The Chinese government now has direct control of the Waldorf Astoria hotel in New York, as the country’s insurance regulator formally takes over the hotel’s embattled owner, Beijing-based Anbang Insurance Group.
Anbang, which had scooped up the famed Manhattan property three years ago as part of a $30 billion offshore deal spree, is guilty of illegal operations and will be restructured, according to a note posted on the official website of the China Insurance Regulatory Commission (CIRC) this morning. The regulator added that Wu Xiaohui, former chairman and CEO of the Beijing-based firm who disappeared into detention last June, is being prosecuted for “economic crimes.”
The First Intermediate People’s Court of Shanghai has indicted Wu for fraudulent fundraising and for improper use of company assets, according to a statement by the office of Shanghai’s public prosecutor cited by Chinese news outlet Caixin.
Beijing Puts Anbang Out of its Misery
CIRC said it would take over the company for a year, from today until February 22, 2019. Anbang’s business operations violate China’s insurance laws, which may “seriously endanger” the firm’s solvency, according to the regulator. The insurance watchdog was reported to be overseeing Anbang’s daily operations as early as last July.
Following the takeover, all asset transactions, capital transfers and non-insurance contracts must be approved by a 31 member task force appointed by the CIRC, according to the statement, which referred to Wu as Anbang’s “former chairman”. In addition to Wu’s apparent removal, the company’s board of directors and general meeting of shareholders will be suspended, while other employees are to continue performing their duties.
The takeover team, which also includes members of other regulatory bodies, will introduce private capital to restructure the group, which the CIRC says will retain its private status. The move is designed to protect the rights and interests of customers and safeguard the public interest, according to the regulator.
“Anbang may remain a private company, but you’re likely to see it broken up and its operations taken over by more stable domestic players,” said one mainland investment banker who spoke with Mingtiandi. “The government doesn’t want to run the company directly in the long term, but it could break Anbang up and arrange for pieces of it to be acquired by more established firms.”
Insurer in Disarray After Global Shopping Spree
Anbang is best known abroad for its $1.95 billion purchase of New York’s Waldorf Astoria from Blackstone’s Hilton Hotels in 2014. The landmark deal kicked off a global acquisition spree in which the company picked up a combined $16 billion of properties, insurance firms and other overseas assets in the span of 30 months.
Anbang relied on high-cost borrowing to finance this investment surge.

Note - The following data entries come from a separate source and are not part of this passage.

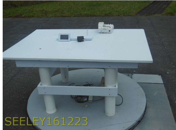
Radiated Emissions Below 30MHz –Wireless Smart Controller & Supporting Wireless Receiver
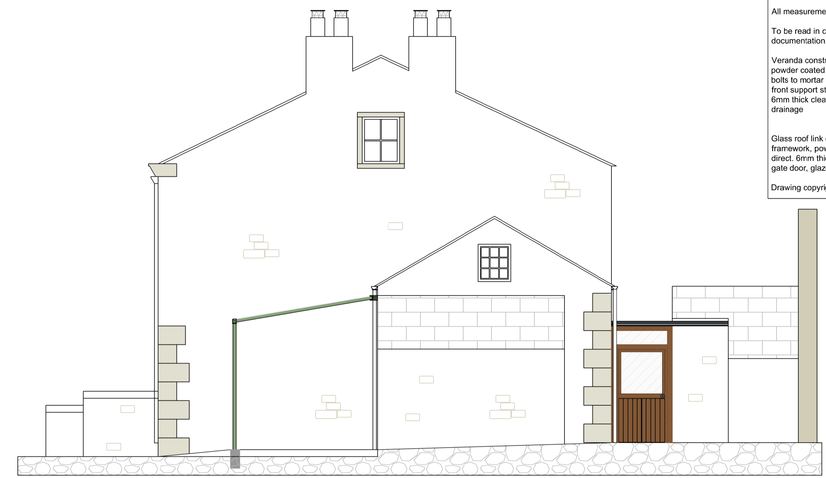
Proposed East Elevation (Rear view from Malt Kiln Lane)
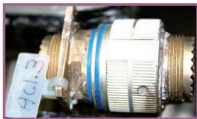
Figure 2. AlumiPlate-coated electrical connector, After 2,000 hours B117 exposure. 12

ings applied through Atmospheric Pressure Chemical Vapor Deposition (APCVD). 9 Environmentally benign CVD processes using triethylaluminum as a precursor for producing high-quality aluminum coatings was explored. While promising, this process involves special high-cost, equipment. Considerable further development from a process standpoint would likely be necessary to implement this process for high-volume applications such as electrical connector shells.
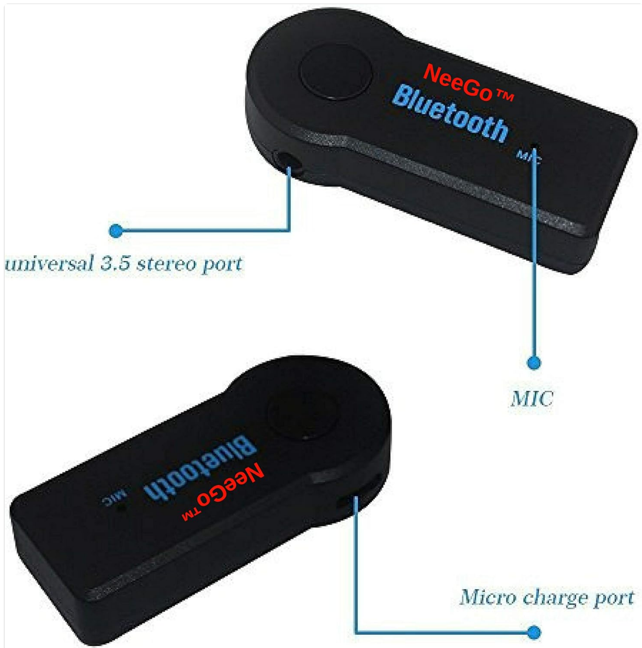
Figure 4.2: Detailed view of the NeeGo Bluetooth Receiver ports.
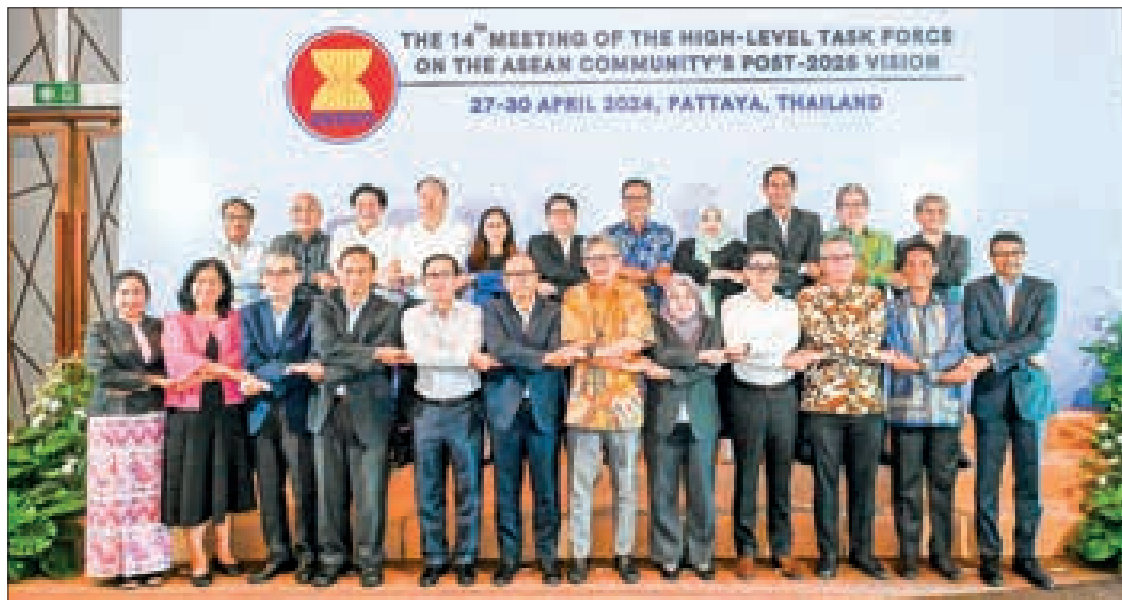
Myanmar delegates join the group documentary photo session at the 14 th (HLTF-ACV) meeting in Pattaya, Thailand on 27-30 April 2024.

Minister expressed appreciation to the Co-Chairs and the host for organizing the important Meeting. She commended high-level representatives for their efforts in completing the first reading of the APSC Strategic Plan of the ASEAN Community Vision 2045. She looked forward to its narrative format for further negotiations. On Strengthening ASEAN's Capacity and Institutional Effectiveness, the Deputy Minister highlighted the need to strengthen not only the ASEAN Secretariat but also the respective national secretariat so as to bridge the gap between human resources
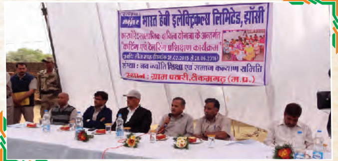
Inauguration of Cutting & Tailoring Program

providing them with financial assistance and books etc. The organization is also associated with activities like, organizing medical camps, providing drinking water facilities for the socially and economically backward communities, helping in environment protection by organizing environment awareness programmes, tree plantation, etc.
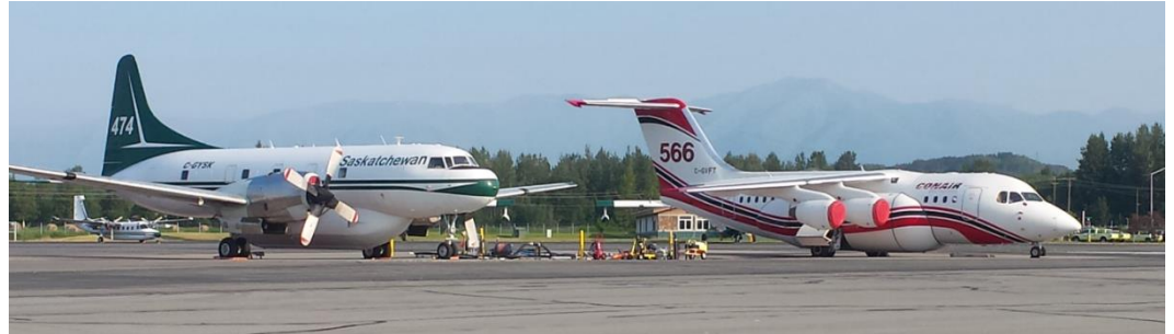
(Photo: A new line up of firefighting aircraft appeared on the North Ramp in June)

The State of Alaska, Division of Forestry operations are now in high gear at PAQ! Numerous new wildland firefighting aircraft have arrived on scene to help combat this year’s crop of wildland fires in South Central Alaska. Please be sure to allow these aircraft priority status on the airfield and in the skies above so that they can effectively and efficiently do their work.

In the process, the company began to draw regulatory scrutiny over its sale of dubious insurance and wealth management products such as “Anbang Win-Win #3,” a three-year product offering a 5.1 percent guaranteed payout.
Proceeds from its high-yielding products enabled Anbang to acquire trophy assets such as the Manhattan hotel, which had a reported investment yield of around 2.0 percent, according to property consultancy JLL. This mismatch between Anbang’s high funding costs and rapid acquisition of low-yielding assets is thought by some analysts to be among the reasons that China’s regulators decided to truncate the insurer’s investment spree last year.
China’s Regulators Move From Crackdown to Takeover
Now Anbang Group’s business operations are “fundamentally stable,” according to a statement by CIRC cited by financial data provider Wind Information. The regulator said it sent a task force to conduct on-site inspections and strengthen oversight of Anbang last June.
Wu was reported to be detained that month, after the company’s life insurance unit had been barred from selling new products over alleged violations of insurance rules. The once high-flying magnate, who married the granddaughter of China’s former leader Deng Xiaoping, has not been heard from since.
The company made the second-largest US acquisition by a Chinese buyer in 2016, by purchasing the Strategic Hotels & Resorts portfolio of high-end hospitality assets from Blackstone Group for $5.5 billion. Now Blackstone, which ultimately sold a total of $9.5 billion of properties in the US and Europe to Anbang, is reportedly in early talks to buy back some or all of those assets.
Anbang first became a target of government scrutiny in March 2016, when it lodged and then abruptly abandoned a $14 billion bid for US-based hospitality chain Starwood Hotels and Resorts. Reports in the Chinese media at the time of Anbang’s Starwood bid said that the CIRC was opposed to further overseas acquisition by the insurer, which was said to have already surpassed limits on foreign asset holdings. Anbang ranks 139th on the Fortune Global 500 list and has claimed total assets of RMB 1.97 trillion ($310.85 billion).